Unsere Kernaufgabe ist, das Evangelium von Jesus Christus in die Welt zu tragen und das Leben in seiner Fülle in allen Gemeinschaften, in denen wir tätig sind, zu bejahen. Unsere Evangelisationsarbeit hat enorme Unterstützung erfahren und wir haben ausserdem einen Besuch im nordwestlichen Bundesstaat Zamfara in der Nähe von Niger geplant, wo wir bereits an 40 Orten predigen, eine Bibelschule und eine Grundschule in der Stadt Gulbin Boka unterhalten. Ich werde diesen Besuch leiten.

Warum ist es für die LKCN eine so dringende Aufgabe, Frieden zu schaffen?

Frieden zu schaffen ist heute genauso dringend wie in den 1980er Jahren und zu anderen Zeiten, in denen das Land Gewalt erlebt hat und Christen und Christinnen genau wie Muslime und Musliminnen im Namen der Religion verfolgt wurden. Die Gewalttäter, die in Verbindung zur Boko Haram Gruppe stehen, haben jedoch unsere Gemeinden infiltriert und sind mit hochentwickelten Waffen ausgerüstet.

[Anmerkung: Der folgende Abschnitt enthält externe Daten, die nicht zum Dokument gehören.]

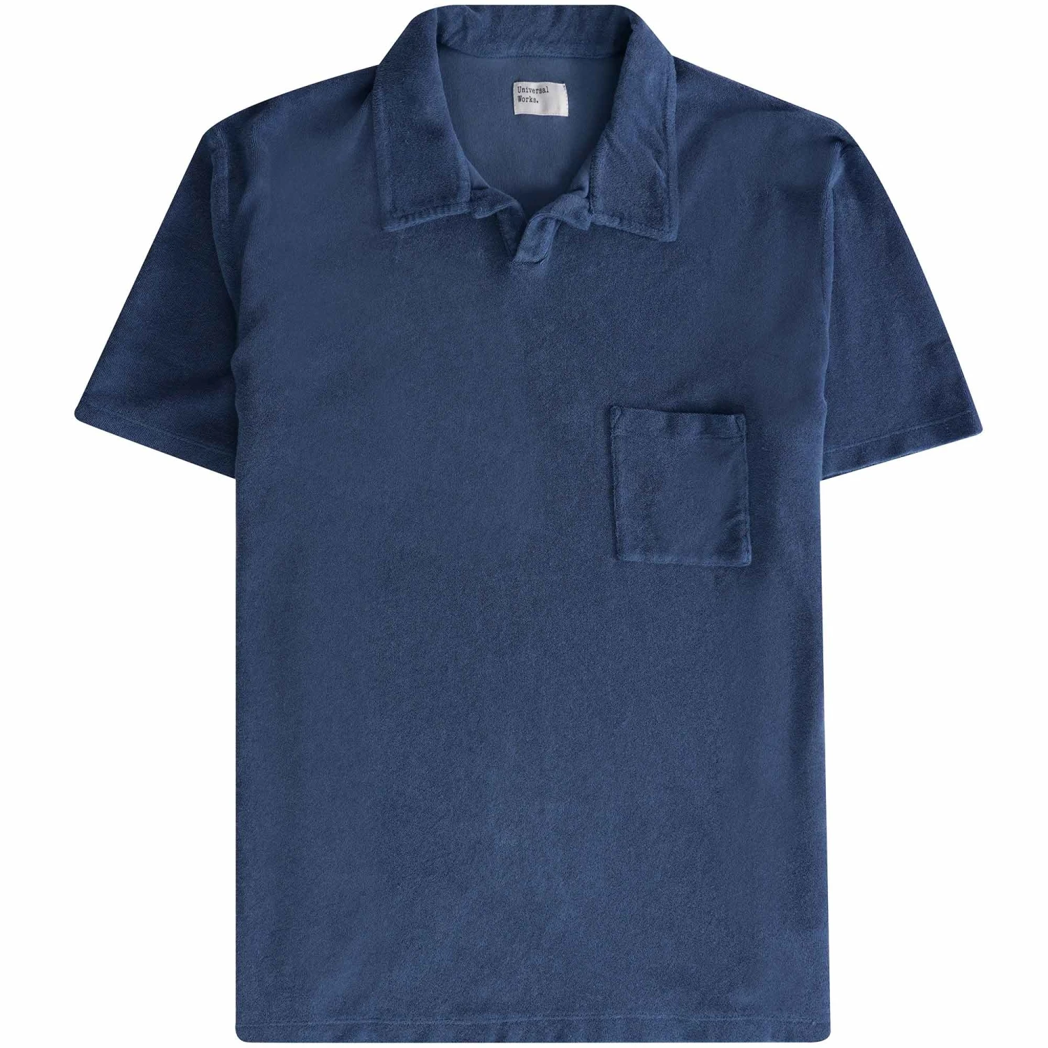 Wear this Universal Works vacation tee on your days off. It comes in a Blue colour in a towelling fabric and is fashioned with an open collar for a casual vibe, as well as a little pocket at the chest.
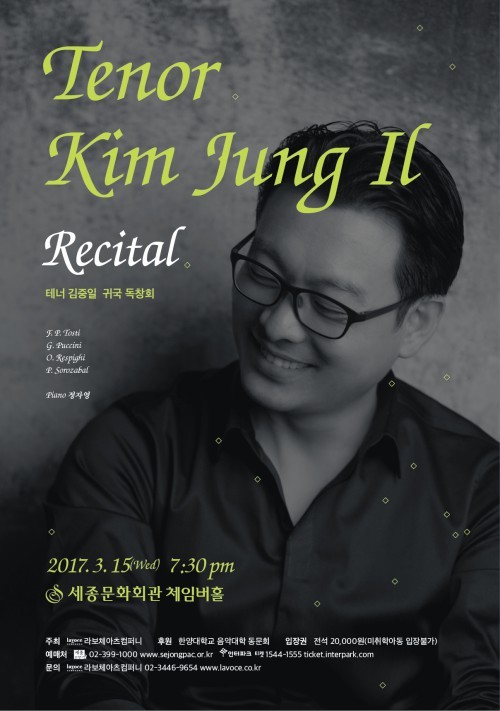 이탈리아를 중심으로 유럽무대에서 활동 중인 테너 김중일이 귀국 독창회를 연다.오는 15일 오후 7시 30분 세종문화회관 체임버홀에서 개최되는 이번 독창회는 아름다운 선율의 가곡들과 우리에게 친숙한 오페라 등 다양한 레퍼토리를 준비했다.가곡 토스티의 '이별의 노래', 푸치니 '땅과 바다'·'태양과 사랑', 레스피기 '설경'·'비'·'안개' 등과 오페라 토스카 중 '별은 빛나건만', 오페라 투란도트의 '공주는 잠 못 이루고' 등을 들려준다.한양대학교 성악과를 졸업한 김중일은 이탈리아 로마 산타 체칠리아 국립음악원 졸업 후 조교 과정을 이수했으며, 세계 최고의 무대인 이탈리아 라 스칼라 극장에서 주역으로 데뷔했다.이후 푸치니 '나비부인'의 핑커톤, '토스카'의 까바라도씨, '라 보엠'의 로돌포 등 다수 오페라에 출연했고, 이탈리아 통일 150주년을 기념해 개최된 부세토 베르디 국제콩쿠르 2위를 비롯해 세계 유수의 콩쿠르에서 수상한 바 있다.테너 김중일 귀국 독창회는 세종문화티켓, 인터파크에서 예매할 수 있으며 문의는 라보체아츠컴퍼니(02-3446-9654)로 하면 된다. 전석 2만원이다.[사진=라보체아츠컴퍼니]
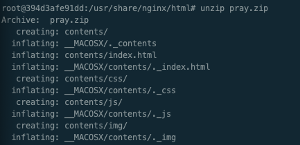 $ docker cp pray.zip webserver:/usr/share/nginx/html/.
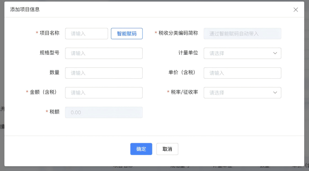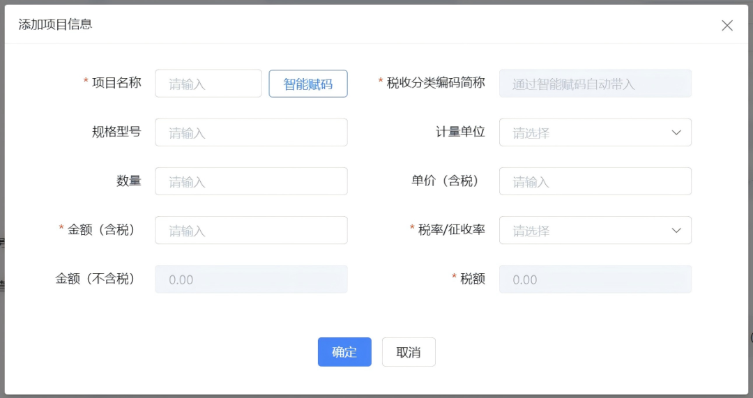 项目信息:点击“添加”按钮进入新增项目信息窗口。录入项目名称,点击智能赋码选择匹配的税收分类编码名称,然后依次录入规格型号、计量单位、数量、单价(含税)、金额(含税)、税率/征收率信息,然后点击“确定”完成添加。

Wenn ein Bruder aufstehen und einen anderen Bruder töten kann, dann ist das nicht Religion. Es ist deshalb die gemeinsame Verantwortung aller Nigerianerinnen und Nigerianer, diese Individuen und die Menschen, die sie unterstützen, anzuzeigen; die Regierung braucht dabei unsere Unterstützung.

Als –Religionsführerinnen und Religionsführer werden wir weiterhin diese Gruppen dazu auffordern, den Dialog mit uns über das zu suchen, was sie wollen, anstatt Waffen zu benutzen. Wir werden Frieden predigen und fördern, da Gewalt nur zu Zerstörung führt.

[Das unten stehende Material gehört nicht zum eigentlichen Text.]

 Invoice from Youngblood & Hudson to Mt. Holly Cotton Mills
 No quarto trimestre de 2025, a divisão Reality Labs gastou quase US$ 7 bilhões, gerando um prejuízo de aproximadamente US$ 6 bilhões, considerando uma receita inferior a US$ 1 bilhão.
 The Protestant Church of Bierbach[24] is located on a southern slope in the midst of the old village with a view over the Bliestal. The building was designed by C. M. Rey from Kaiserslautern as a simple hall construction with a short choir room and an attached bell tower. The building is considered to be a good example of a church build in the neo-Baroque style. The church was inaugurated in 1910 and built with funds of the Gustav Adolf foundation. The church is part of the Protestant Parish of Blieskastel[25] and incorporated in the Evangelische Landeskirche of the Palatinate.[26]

Wie kann Sie die weltweite lutherische und ökumenische Gemeinschaft in ihrem Wirken, insbesondere in der Schaffung von Frieden unterstützen?

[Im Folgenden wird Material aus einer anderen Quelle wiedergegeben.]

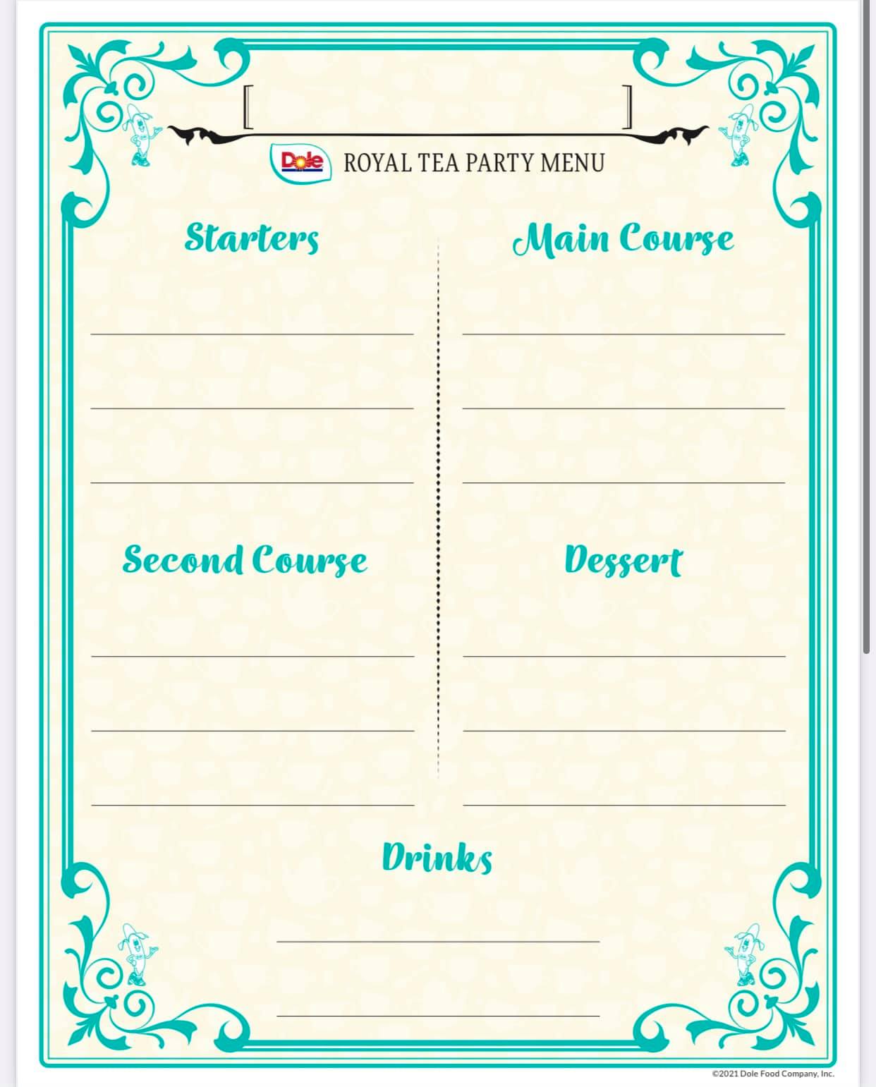 In the meantime, head to Dole’s website at Dole.com/Disney to download a Dole Royalty Certificate, a Royal Tea Party Placemat, a Create Your Own Royal Tea Party Menu, a Dole’s Royal Chef’s Hat, and a PRINTABLE BANANA STICKER PEEL & PLAY STORY BOOK!

Beten Sie weiterhin für uns – das ist meine Botschaft an den LWB und an unsere Brüder und Schwestern in der weltweiten Kirche. Richten Sie sich auch klar und deutlich an Ihre Regierungen und die internationale Gemeinschaft und fordern Sie sie auf, einzuschreiten, um dem sinnlosen Töten ein Ende zu setzen. Wir wollen die christliche Stimme hören, wie sie uns ermutigt, unterstützt und für uns eintritt, und dadurch die Unantastbarkeit des Lebens bekräftigt.

[Die LKCN wurde 1913 gegründet. Seit 1961 ist die Mitglied im LWB und hat gegenwärtig 2,2 Millionen Mitglieder in 2.400 Gemeinden in ganz Nigeria. Ihren acht Diözesen steht jeweils ein Bischof vor und Erzbischof Babba leitet die landesweite Kirche.]